» What the task asks
Starting with the line that contains "Спартанская бронза: чемпион, дискоболка" and stopping after the line that contains "中山大學生命科學學院徐安龍教", return each line below exactly as written, with no others.

» Data extract
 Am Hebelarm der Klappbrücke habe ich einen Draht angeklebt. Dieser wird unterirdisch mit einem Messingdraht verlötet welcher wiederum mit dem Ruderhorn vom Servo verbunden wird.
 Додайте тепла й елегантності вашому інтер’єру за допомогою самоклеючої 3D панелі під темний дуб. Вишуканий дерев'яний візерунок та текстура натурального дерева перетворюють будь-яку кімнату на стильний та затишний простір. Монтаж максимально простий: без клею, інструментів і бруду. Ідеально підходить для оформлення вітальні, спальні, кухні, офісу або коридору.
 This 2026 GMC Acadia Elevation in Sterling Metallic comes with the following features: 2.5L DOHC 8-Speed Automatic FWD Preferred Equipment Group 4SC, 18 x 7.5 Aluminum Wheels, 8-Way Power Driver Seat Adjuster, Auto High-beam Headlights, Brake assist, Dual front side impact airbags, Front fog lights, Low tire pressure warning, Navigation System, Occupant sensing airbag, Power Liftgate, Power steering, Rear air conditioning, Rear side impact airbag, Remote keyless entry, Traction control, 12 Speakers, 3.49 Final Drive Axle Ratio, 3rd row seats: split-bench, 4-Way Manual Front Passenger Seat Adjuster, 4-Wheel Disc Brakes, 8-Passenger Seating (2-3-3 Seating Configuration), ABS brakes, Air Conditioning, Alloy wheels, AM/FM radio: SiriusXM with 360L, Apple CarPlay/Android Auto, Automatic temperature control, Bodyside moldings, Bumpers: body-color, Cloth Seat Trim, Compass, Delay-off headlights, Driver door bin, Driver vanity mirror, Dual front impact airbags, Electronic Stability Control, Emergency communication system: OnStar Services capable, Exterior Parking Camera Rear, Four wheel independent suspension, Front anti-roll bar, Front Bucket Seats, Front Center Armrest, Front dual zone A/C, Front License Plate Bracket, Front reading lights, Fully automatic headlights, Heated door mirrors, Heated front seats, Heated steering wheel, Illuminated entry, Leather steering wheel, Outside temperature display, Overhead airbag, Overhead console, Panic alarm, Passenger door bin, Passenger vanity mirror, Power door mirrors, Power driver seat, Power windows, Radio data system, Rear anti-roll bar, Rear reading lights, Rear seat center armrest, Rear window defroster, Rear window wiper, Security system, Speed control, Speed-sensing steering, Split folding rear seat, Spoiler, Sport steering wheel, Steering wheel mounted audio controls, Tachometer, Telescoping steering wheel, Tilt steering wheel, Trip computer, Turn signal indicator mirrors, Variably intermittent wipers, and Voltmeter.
==
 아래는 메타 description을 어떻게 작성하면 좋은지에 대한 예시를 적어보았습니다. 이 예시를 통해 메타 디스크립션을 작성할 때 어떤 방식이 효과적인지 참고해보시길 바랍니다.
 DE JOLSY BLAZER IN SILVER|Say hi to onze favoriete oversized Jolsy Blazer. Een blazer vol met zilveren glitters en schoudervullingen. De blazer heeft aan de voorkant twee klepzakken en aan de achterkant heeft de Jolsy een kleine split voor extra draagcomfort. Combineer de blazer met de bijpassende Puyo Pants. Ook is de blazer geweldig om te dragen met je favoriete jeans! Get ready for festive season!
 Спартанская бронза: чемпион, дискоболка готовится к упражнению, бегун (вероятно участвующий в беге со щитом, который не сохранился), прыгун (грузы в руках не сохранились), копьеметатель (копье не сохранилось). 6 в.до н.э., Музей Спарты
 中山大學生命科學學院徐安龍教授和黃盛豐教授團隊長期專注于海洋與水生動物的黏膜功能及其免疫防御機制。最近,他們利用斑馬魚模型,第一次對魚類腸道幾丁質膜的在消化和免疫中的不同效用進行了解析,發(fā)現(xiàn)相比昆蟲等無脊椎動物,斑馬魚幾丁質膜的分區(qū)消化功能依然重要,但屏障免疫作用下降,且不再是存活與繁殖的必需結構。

» Solution to the exercise
 Спартанская бронза: чемпион, дискоболка готовится к упражнению, бегун (вероятно участвующий в беге со щитом, который не сохранился), прыгун (грузы в руках не сохранились), копьеметатель (копье не сохранилось). 6 в.до н.э., Музей Спарты
 中山大學生命科學學院徐安龍教授和黃盛豐教授團隊長期專注于海洋與水生動物的黏膜功能及其免疫防御機制。最近,他們利用斑馬魚模型,第一次對魚類腸道幾丁質膜的在消化和免疫中的不同效用進行了解析,發(fā)現(xiàn)相比昆蟲等無脊椎動物,斑馬魚幾丁質膜的分區(qū)消化功能依然重要,但屏障免疫作用下降,且不再是存活與繁殖的必需結構。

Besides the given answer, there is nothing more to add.